Which Face and Whose Identity? Solving the Dual Challenge of Deepfake Proactive Forensics in Multi-Face Scenarios
Authors: Lei Zhang, Zhiqing Guo, Dan Ma, Gaobo Yang
Published: 2026-04-29 06:50:19+00:00
AI Summary
This paper addresses the dual challenge of deepfake localization and source tracing in complex multi-person scenarios, proposing the Deep Attributable Watermarking Framework (DAWF). DAWF features a novel multi-face encoder-decoder architecture that efficiently embeds watermarks in parallel across multiple faces, bypassing traditional offline pre-processing. Leveraging a selective regional supervision loss and embedded identity payloads, DAWF achieves the 'which + who' goal, precisely identifying forged facial regions and their original identities.
Abstract
Unlike single-face forgeries, deepfakes in complex multi-person interaction scenarios (such as group photos and multi-person meetings) more closely reflect real-world threats.

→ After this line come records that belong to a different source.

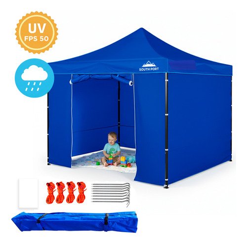 Su techo está confeccionado en poliéster 600D con recubrimiento de PVC, mientras que las paredes laterales son de poliéster 420D, lo que garantiza resistencia al agua y buen desempeño al aire libre. La estructura metálica de acero recubierto aporta firmeza, y el sistema de plegado tipo tijera permite un armado rápido sin complicaciones.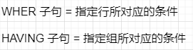 WHERE 子句是指定行所对应的条件,而 HAVING 子句是指定组所对应的条件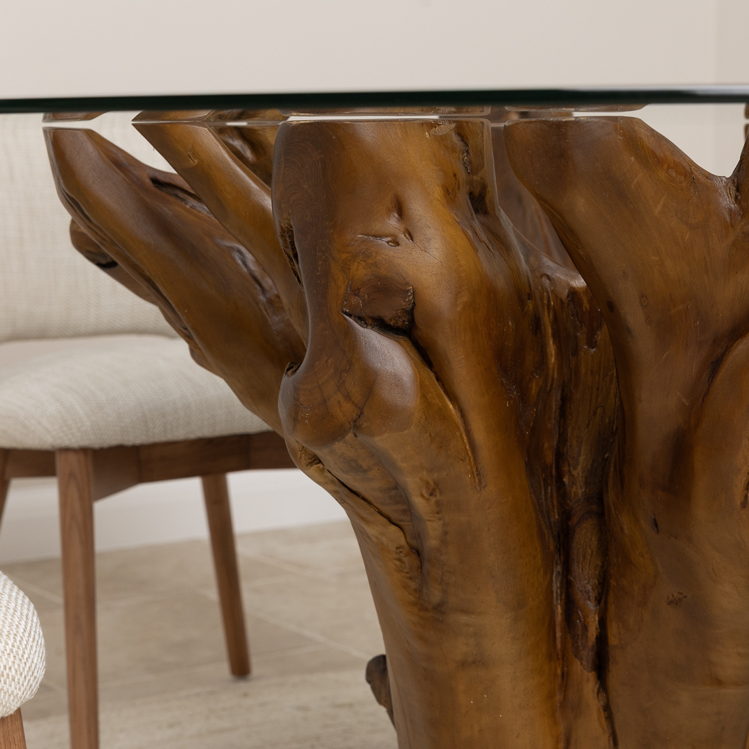 150cm Circular Reclaimed Teak Root Piece Dining Table with 10mm Toughened Safety GlassIn stock

Although existing proactive forensics solutions demonstrate good performance, they heavily rely on a single-face setting, making it difficult to effectively address the problems of deepfake localization and source tracing in complex multi-person environments. To address this challenge, we propose the Deep Attributable Watermarking Framework (DAWF). This framework adopts a novel multi-face encoder-decoder architecture that bypasses the cumbersome offline pre-processing steps of traditional forensics, facilitating efficient in-network parallel watermark embedding and cross-face collaborative processing. Crucially, we propose a selective regional supervision loss. This innovative mechanism guides the decoder to focus exclusively on the facial regions tampered with by deepfakes. Leveraging this mechanism alongside the embedded identity payloads, DAWF realizes the which + who goal, answering the dual questions of which facial region was forged and who was forged. Extensive experiments on challenging multi-face datasets show that DAWF achieves excellent deepfake localization and traceability in complex multi-person scenes.